As a Senior Data Engineer II, you will provide technical leadership to clients in a team that designs and develops path-breaking large scale cluster data processing systems. You will mentor sophisticated organizations on large scale data and analytics and work with client teams to deliver results.
Additionally, as a senior member of our Consulting team, you will help Think Big, A Teradata Company establish thought leadership in the big data space by contributing white papers, technical commentary and representing our company at industry conferences.
Design and develop code, scripts and data pipelines that leverage structured and unstructured data integrated from multiple sources. Software installation and configuration. Participate in and help lead requirements and design workshops with our clients. Develop project deliverable documentation. Lead small teams of developers and coordinate development activities. Mentor junior members of the team in software development best practices. Other duties as assigned.
• Proven expertise in production software development
• 10+ years of experience programming in Java, Python, SQL, or C/C++
• Proficient in SQL, NoSQL, relational database design and methods for efficiently retrieving data
• Strong analytical skills
• Creative problem solver
• Excellent verbal and written communications skills
• Strong team player capable of working in a demanding start-up environment
• Experience building complex and non-interactive systems (batch, distributed, etc.)
• Experience building large scale data science pipelines end to end
• Ability to understand and tune data science models in variety of languages (Python, R, Scala)
• Prior consulting experience
• Prior experience working as a data engineer in a telecom company
• Good cross industry experience.
• Experience with Spark, Hadoop and JMS: JBoss
• Experience designing and tuning high performance systems
• Familiarity with data lakes (Kylo, NiFi)

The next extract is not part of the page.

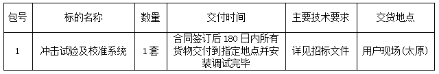 本中北大学冲击试验及校准系统采购项目已由项目审批/核准/备案机关批准,项目资金来源为国有资金,招标人为中北大学。本项目已具备招标条件,现招标方式为公开招标。

• Prior experience with data warehousing and business intelligence systems
• Professional or academic background that includes mathematics, statistics, machine learning and data mining
• Linux expertise
• Experience in JavaEE and REST web services
• Commercial experience with Elasticsearch and Apache Spark
• Experience with TDD and BDD
• Prior work and/or research experience with unstructured data and data modeling
• Familiarity with different development methodologies (e.g., agile, waterfall, XP, scrum, etc.)
• Firm understanding of python memory mode, classes, subclassing, designing classes for re-use, static string constants rather than in-line constants
• Configure a Jenkins build, create/update a Jira ticket, enable Automated Tests in gradle/maven build
• Understanding of how to segregate data based on access control rules, when and how to encrypt data (whole record vs individual fields) when and how to mask fields, etc.
• Able to create and deploy a Spark jobs via YARN or Mesos, read from a streaming source and produce some filtered or enhanced output
• Understand basic modeling techniques, tools sets. Implement simple Python or R analytic routines
• Must be able to interact and communicate with the client in meetings.
• Must be able to write programming code in applicable languages.
• Must be able to write project documentation in English.
• Travel requirement of up to 75% of time
• Fluency in other languages would be desirable
Postgraduate Diploma or foreign equivalent in Computer Science or related technical field followed by ten (10) years of progressively responsible professional experience programming in Java, Python or C/C++. Experience with production software development lifecycle. Completed courses in Machine Learning, Apache Spark, Introduction to Data Science and R programming, experience with Linux, SQL, relational database design and methods for efficiently retrieving data. Experience building complex and non-interactive systems (batch, distributed, etc.).
Salary in line with market rate.
Closing date for applications is 22nd september 2017.